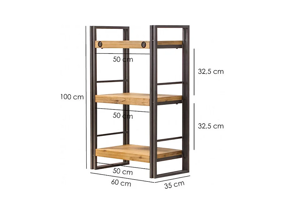 Bibliothèque 100 x 60 cm en bois d'acacia et métal - WORKSHOP
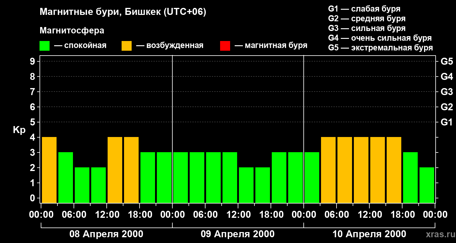 Изменения геомагнитного индекса Kp с 8 по 10 апреля 2000 года для средних широт
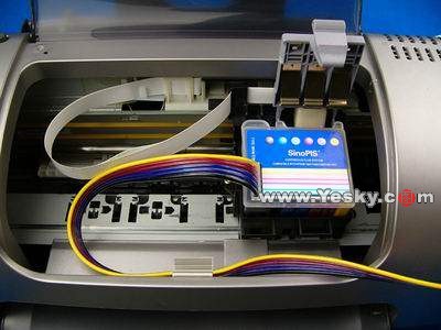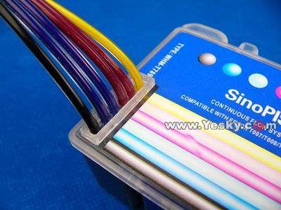 無(wú)海綿墨盒配以硅膠管線和各色外墨盒蓋,組成連續(xù)供墨系統(tǒng)的內(nèi)部部分,當(dāng)然也少不了永久長(zhǎng)效芯片。
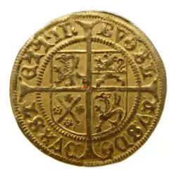 Some coins of Pomerania-Stettin, minted during the reign of dukes Philip II, and later Bogislaw XIV, depicted a griffin with a crown on its head, holding a sword in its right hand, and in most versions, had its left hand put on an open book.[12]
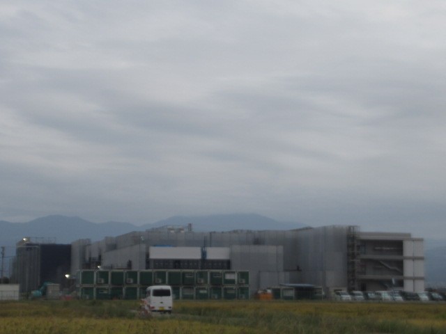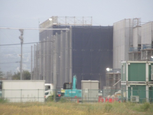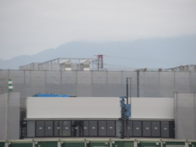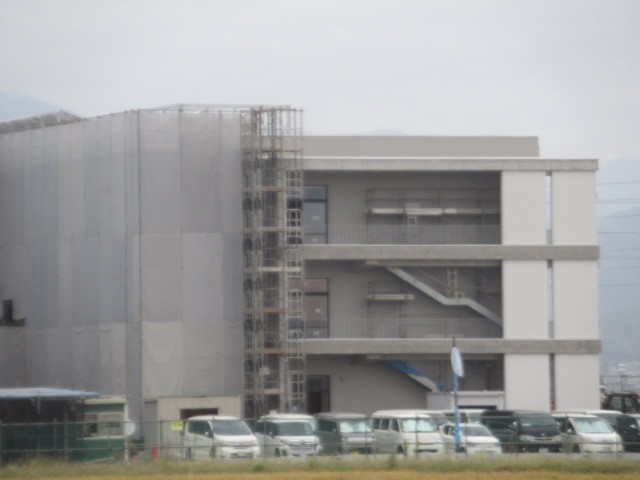 校舎西側の様子です。校舎のバックに薄っすらと見えるのは「立山連峰」です。工事用カバーが外され、少しずつ姿があらわれています・・・

● About this exercise
Retype exactly the lines above, starting at the line containing "無(wú)海綿墨盒配以硅膠管" and ending with the last line, both included; leave out the pictures.

● Problem solution
 無(wú)海綿墨盒配以硅膠管線和各色外墨盒蓋,組成連續(xù)供墨系統(tǒng)的內(nèi)部部分,當(dāng)然也少不了永久長(zhǎng)效芯片。
 Some coins of Pomerania-Stettin, minted during the reign of dukes Philip II, and later Bogislaw XIV, depicted a griffin with a crown on its head, holding a sword in its right hand, and in most versions, had its left hand put on an open book.[12]
 校舎西側の様子です。校舎のバックに薄っすらと見えるのは「立山連峰」です。工事用カバーが外され、少しずつ姿があらわれています・・・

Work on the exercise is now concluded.